We now understand , heart rate reduction could be the single most important factor in the management of heart failure .Beta blockers have proved this time and again.We know heart rate has a linear relationship between survival .
SHIFT trial has proven that Ivabradine has a major role in the management of chronic heart failure therapy .It is an If current blocker . No hemodynamic side effects was noted.
How does Ivabradine act ?
It acts on the phase 4 diastolic depolarisation in SA node by slow I f currents.
In this trial , the usage of optimal Beta blockers was only in 25 % . Patients who received complete beta blockade did show much benefit with Ivabradine . Further, the usage of digoxin was only around 20% .This does not represent the realistic population of cardiac failure in many countries .In India , almost 70-80 % receive it . Digoxin , the wonder drug does have an important vago mimetic action, to reduce the heart rate .
Another contentious issue in SHIFT study is , the Class 4 patients constituted <2% of the study population .It is ironical , these are the patients , one would like to try a new rate control drugs like Ivabradine , because we are worried about beta blockers in this population .A great opportunity was lost as Ivabradine could have been tried in this population.
We need a study like this .
- One to one comparison of beta blocker and Ivabradine in cardiac failure . Such a study will ever happen ? My guess is , it is next to impossible !
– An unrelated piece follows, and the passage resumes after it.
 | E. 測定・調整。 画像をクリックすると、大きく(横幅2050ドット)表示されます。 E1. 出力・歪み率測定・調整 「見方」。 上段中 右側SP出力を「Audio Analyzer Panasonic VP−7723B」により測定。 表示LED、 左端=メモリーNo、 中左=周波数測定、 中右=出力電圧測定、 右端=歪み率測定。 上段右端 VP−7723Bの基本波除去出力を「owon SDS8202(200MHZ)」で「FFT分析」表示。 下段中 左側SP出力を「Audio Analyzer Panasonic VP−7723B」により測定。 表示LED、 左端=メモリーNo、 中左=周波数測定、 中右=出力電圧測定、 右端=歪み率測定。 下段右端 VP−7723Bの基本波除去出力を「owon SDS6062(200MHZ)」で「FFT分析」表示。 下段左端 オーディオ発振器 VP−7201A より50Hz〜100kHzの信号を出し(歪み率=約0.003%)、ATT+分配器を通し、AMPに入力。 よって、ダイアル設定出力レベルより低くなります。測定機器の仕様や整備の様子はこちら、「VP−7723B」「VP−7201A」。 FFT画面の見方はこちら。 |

- Efficacy of Ivabradine in patients with class 4 failure , where beta blockers were contraindicated or could not be administered.
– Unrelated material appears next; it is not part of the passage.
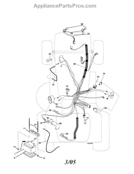 This part is a switch in the control system of a lawn tractor or lawnmower that activates the central electrical systems. Known as a starter switch, it is responsible for turning the power on for the mower. If the engine will not start and the electric starter does not engage, the ignition switch may be defective and needs to be replaced. To check an ignition switch, use an ohmmeter to determine if there is any connection between the S and B terminals. If no connection is detected, the ignition switch is the problem. Replacing an old or malfunctioning ignition switch on a riding mower is quick and easy. First, disconnect the battery and remove the bolt connecting it to the negative cable. Remove the ignition switch and disconnect the wire harness attached to the back. Install the new ignition switch, connect the wire harness, and then reconnect the battery. This part is compatible with specific products from popular brands like Ariens, Craftsman, Husqvarna, Murray, Poulan, Ryobi, and Weed Eater. It is a genuine OEM part sourced directly from the manufacturer and is sold individually.

Ivabradine , a new generation negative chronotropic agent is a great concept drug. But , the worthiness of this drug is questionable , when we have proven , well tolerated drugs namely , the beta blockers to reduce the heart rate.. However , if the beta blockers are poorly tolerated Ivabradine may be tried.Last , but not the least, never under-estimate the greatness of digoxin in heart failure.It is the only drug that has a positive inotropic properties coupled with negative chronotropic action . Both benefits patients in CHF . It can do wonders than any other drugs .(DIG trial was the most misunderstood by cardiologists!)